In Europe, Google received an 11th-hour reprieve on Monday, when the company was expected to learn its penalty for its practices in placing online ads with search results. EU Trade Commissioner Maroš Šefčovič’s intervention to hold off the penalty comes as Trump is threatening to block the sale of chips and other tech to countries says are discriminating against American companies.

Looming over many of the cases targeting the largest tech companies is the question of how to apply longstanding antitrust law to new types of businesses, like Google, that may offer their services to consumers for free.

Bill Kovacic, an antitrust law professor at George Mason University who chaired the FTC at the end of the George W. Bush administration, said the case shows the federal government can win when applying old competition laws to modern digital markets.

Mehta ruled in August 2024 that Google illegally locked up 90 percent of the internet search market by partnering with iPhone maker Apple to be the default search provider on its Safari web browser — an arrangement that essentially boxed out potential competitors. Google had similar agreements with handset makers and mobile carriers like Samsung and Verizon. Mehta also found that Google illegally monopolized the market for ads displayed next to search results.

“What’s extremely important here is that the combination of liability and a remedy shows the government can prevail,” Kovacic said.

Florian Ederer, an economics professor at Boston University, questioned how much the decision will shake up the market, especially since the largest tech companies still exert huge market power.

Ederer questioned if allowing competitors to access Google’s search data, or prohibiting it from making Google Search the default app on mobile devices is really be enough to help new companies enter the market.

“It would have been a real landmark decision if we had seen a breakup,” Ederer said. “This is the best outcome [for Google], given that Google lost this case.”

In a nod to how the tech industry has changed just since the case started in October 2020, Mehta’s decision prohibits Google from making Gemini the default AI product on mobile devices. The decision notes the market for generative AI is significantly more competitive than it is for search, listing rivals models from OpenAI, Microsoft and Anthropic among others.
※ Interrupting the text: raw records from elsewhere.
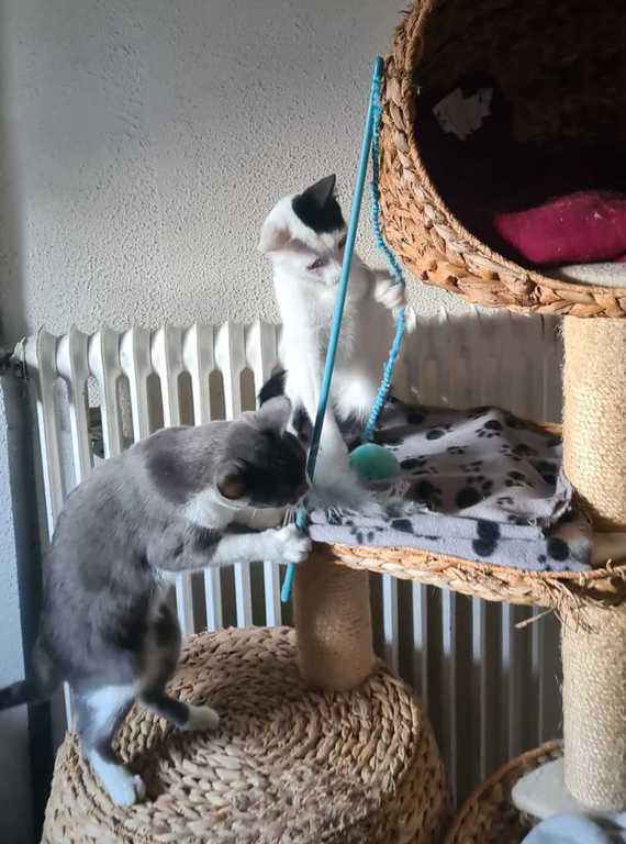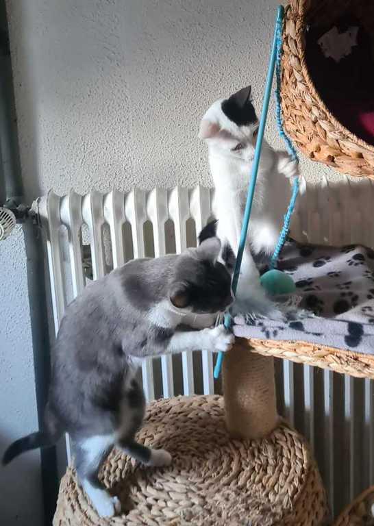 Die jungen Katzen leben seit Monaten nur im Haus, wir vermitteln sie daher in Wohnungshaltung. Ein Balkon wäre schön, der dann aber sicher vernetzt sein muss, bevor die Katzen einziehen. Ungesicherter Freigang kommt nicht in Frage.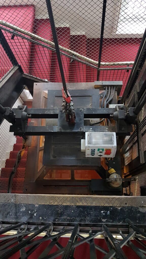 LED shaft lighting was sympathetically installed to offer a bright working environment for operatives without detracting from the shaft lattice work. The lift car top was cleared of all components to restore originality to the lift look and a removable working platform was fabricated. The lift car top controls were skilfully concealed within the lift’s sling with just the mushroom stop switch visible.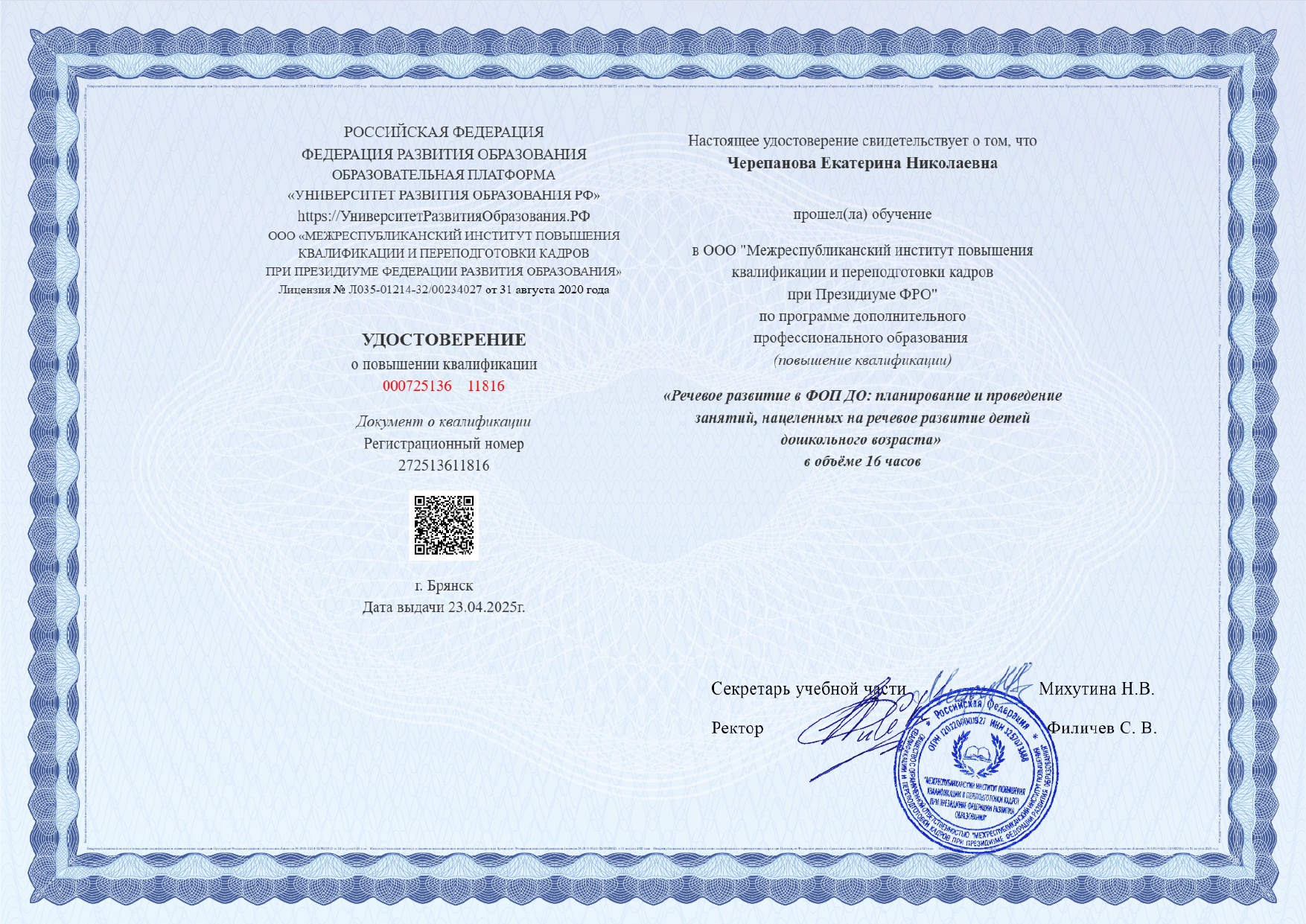 Сертификат Речевое развитие детей дошкольного возраста_технологии и направления работы воспитателя_Ноябрь 2023

Mehta’s initial decision came after a 10-week bench trial, and set up what’s called a remedy trial, which took place in April. It was during that second trial that the Justice Department asked Mehta to break up the company to resolve its illegal monopoly.
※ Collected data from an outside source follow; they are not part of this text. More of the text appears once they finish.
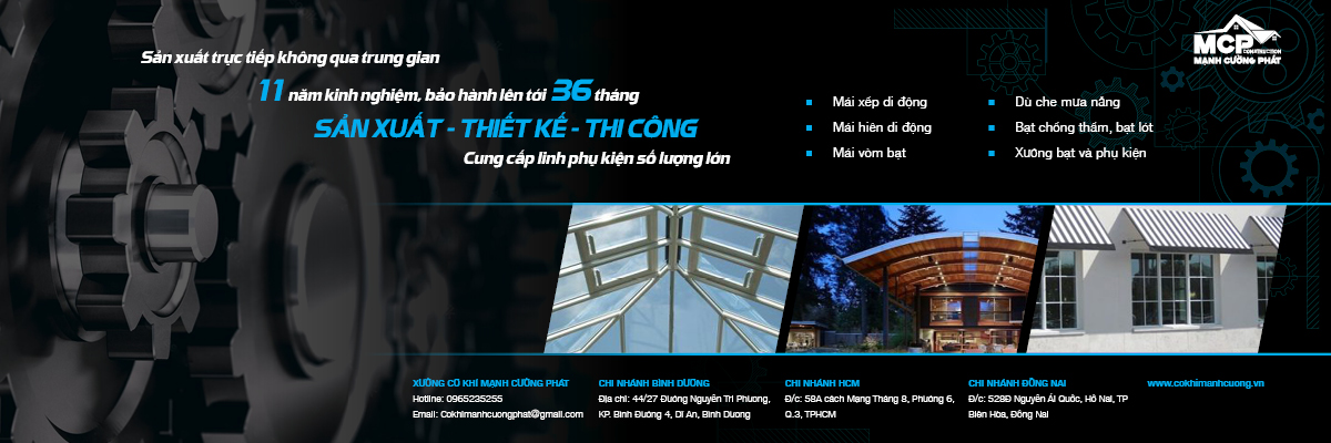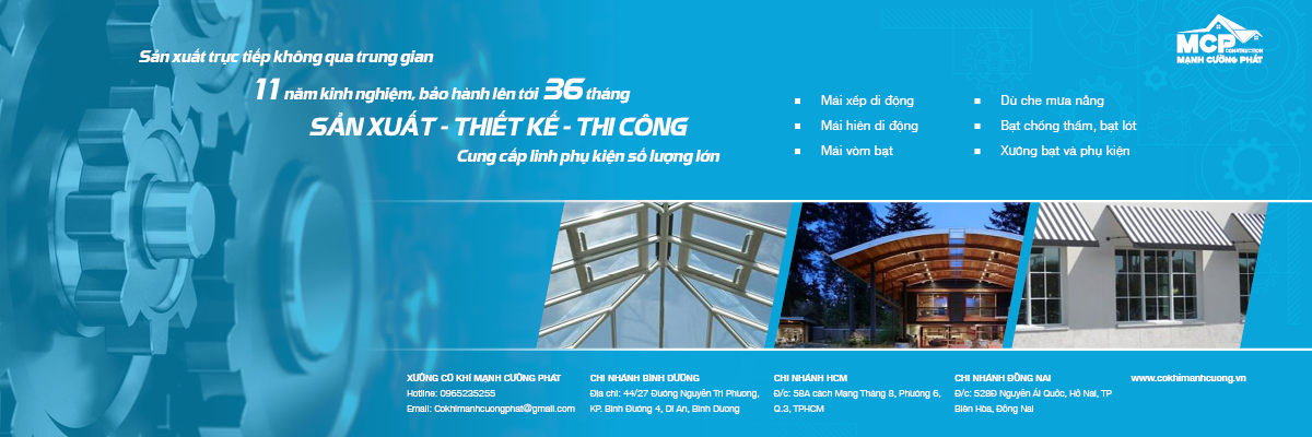 Xưởng cơ khí Mạnh Cường Phát 11 năm kinh nghiệm sản xuất, thiết kế, thi công, lắp đặt các loại mái xếp di động, mái mái hiên di động, mái vòm, dù che mưa nắng, bạt chống thấm, bạt lót ao hồ, bạt phủ xe tải, bạt che công trình.. theo yêu cầu khách hàng tại các tỉnh thành phía Nam.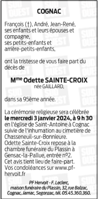 Décédée à Rouillac (16170, France) le mercredi 27 décembre 2023 à l'âge de 94 ans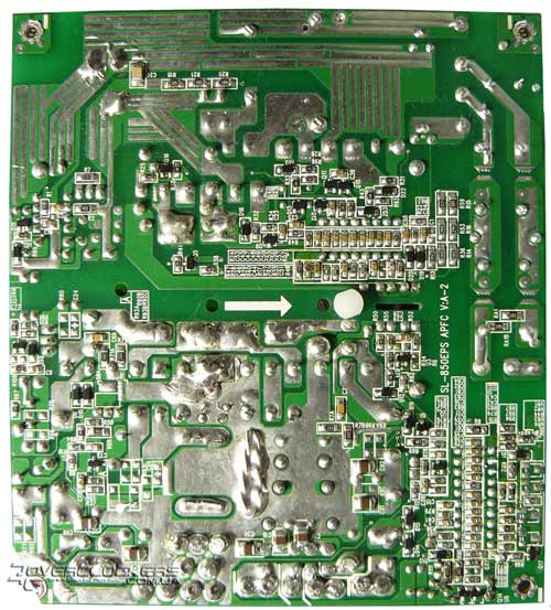 Трассировка платы двухстороння, как и у блока от Sea Sonic Electronics. К качеству пайки никаких претензий нет.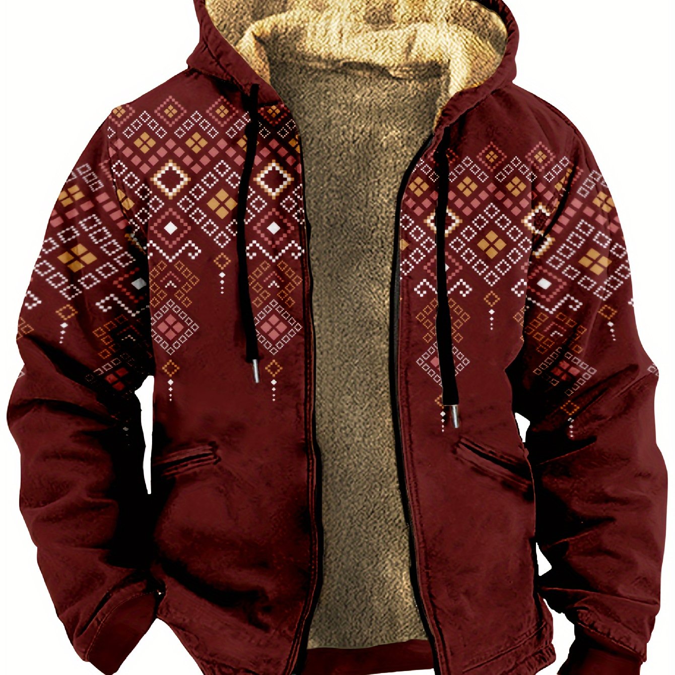 Men’s Retro Plaid Warm Fleece Zip Up Hoodie For Fall Winter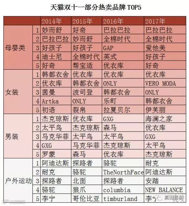 除了3C类电子产品以外,最受欢迎的就要数服装类商品了,盘点了近四年的热销服装品牌,不难发现性价比是消费者们考虑是否购买的首要因素。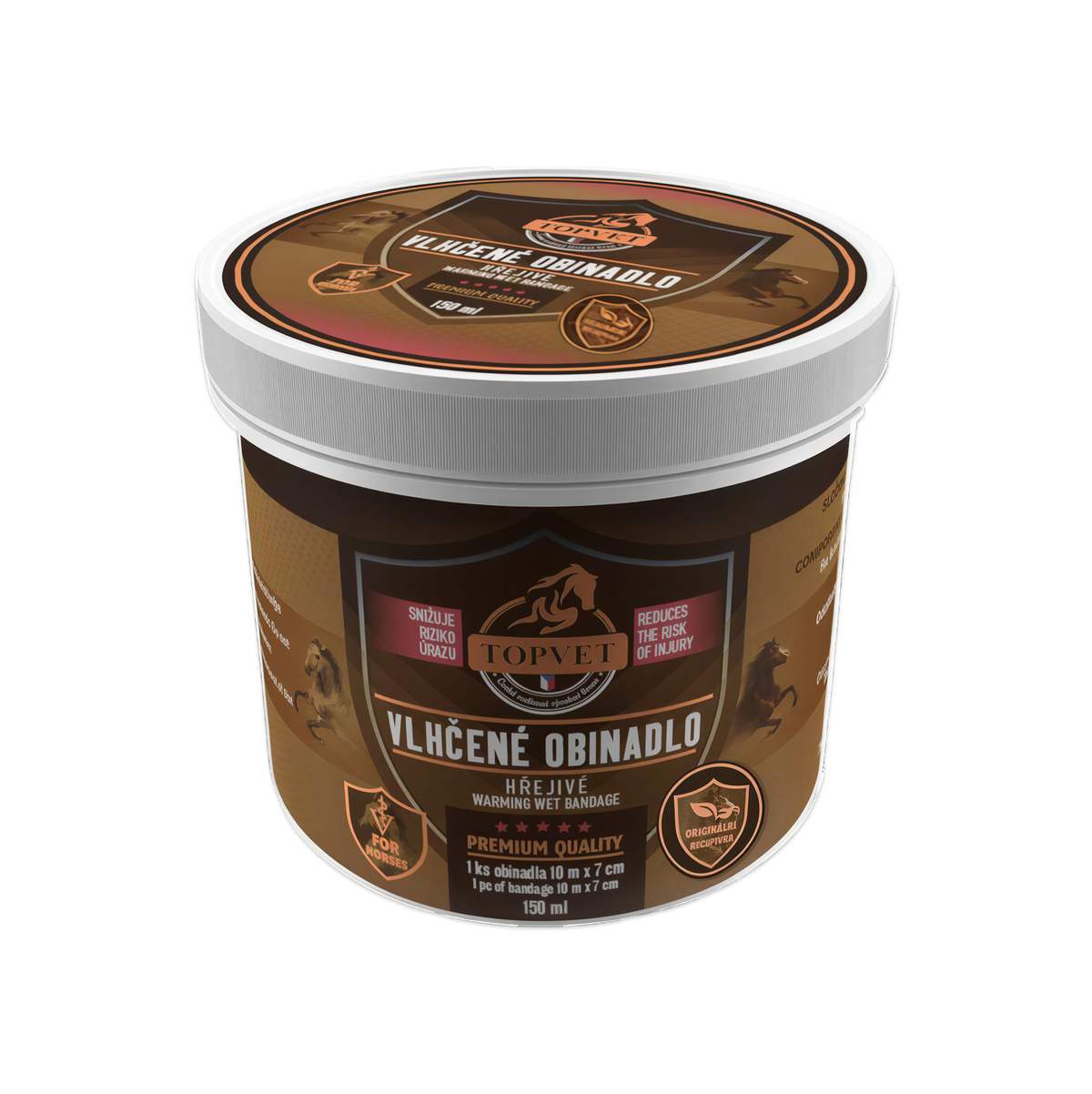 Bylinná kompozice s vysokým obsahem rostlinných extraktů a silic je napuštěna do pružného obinadla. Doporučujeme použít před náročným fyzickým výkonem jako prevenci před poškozením kloubů, svalů a vazů. Těchto vlastností je vhodné využít u sportovních, pracovních i rekreačních koní.

The case spanned two administrations, starting under President Donald Trump’s first term, going to trial under former President Joe Biden, and Google has pledged to appeal in Trump’s second administration.
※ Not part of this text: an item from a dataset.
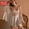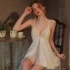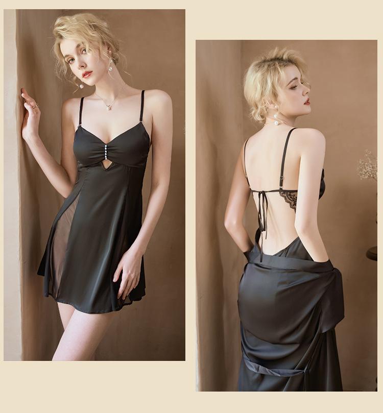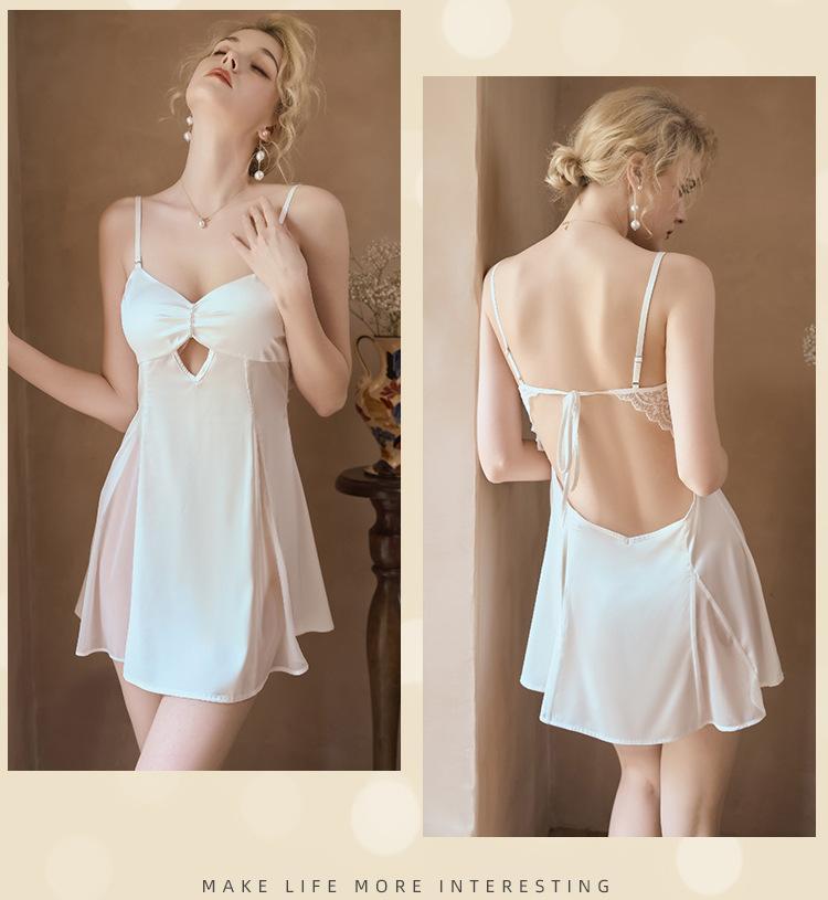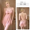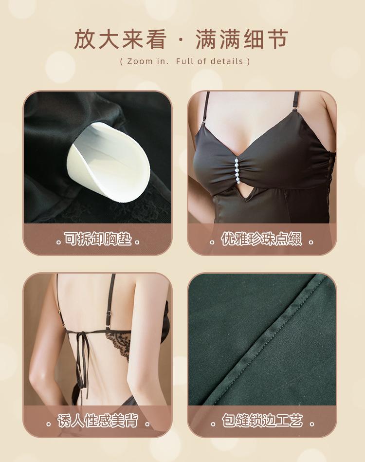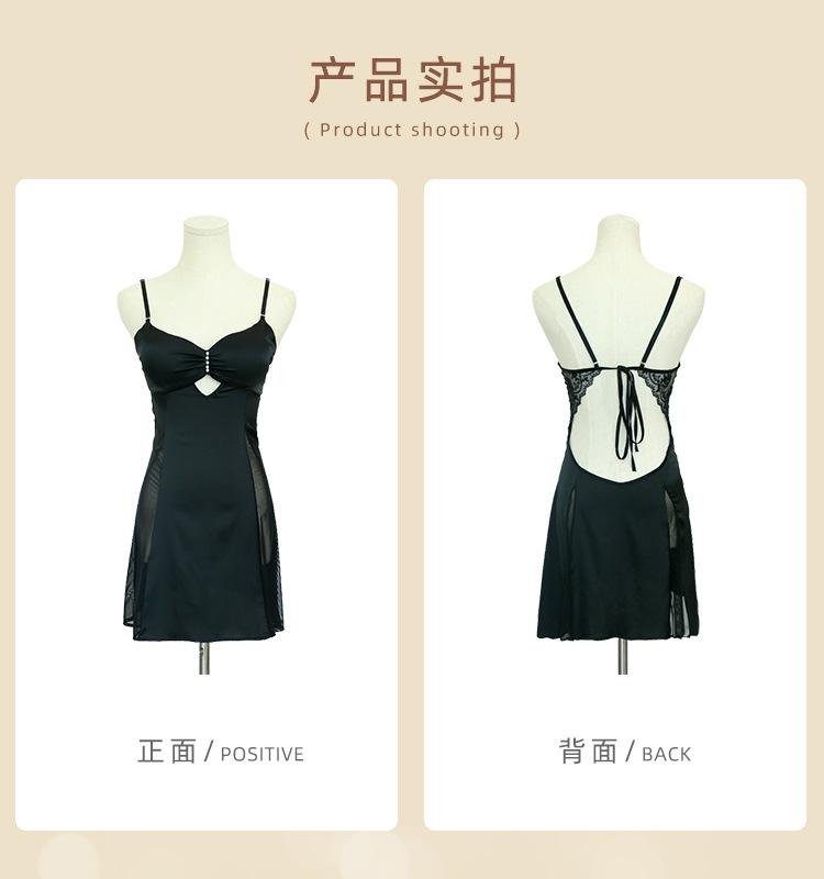 Camisón sexy con encaje y empalme de malla, tentación brumosa, lazo en la espalda, ajustable, almohadillas para el pecho removibles 3130

Google’s next remedy trial starts later in September. In that case, a federal judge ruled in April that Google held an illegal monopoly in the almost $300 million U.S. market for digital ads. Judge Leonie Brinkema of the Eastern District of Virginia said Google maintained its monopoly by tying together its ad server business, used by online publishers to manage ad sales on their sites, and its ad exchange business, which auctions off digital advertising space on websites. Google claimed it won half the case and vowed to appeal the other half.

Other major antitrust cases remain in the wings that could also drastically reshape the way the tech industry operates in America and across the globe. These cases and investigations come as lawmakers and regulators are worried about tech companies cornering the market for artificial intelligence in a similar fashion as what happened with e-commerce, social media and online search.

Amazon is slated to go to trial in early 2027 over claims it squashes competition to rip off sellers and consumers while peddling a subpar shopping experience riddled with confusing advertisements.

Apple faces claims its billions of iPhones sold since 2007 were designed to lock users into its products while raising costs for consumers, developers and artists, among others. Depositions and discovery in that case are scheduled through early 2027.

And chipmaker Nvidia is the subject of a Justice Department investigation over its purchase of AI start-up Run:ai.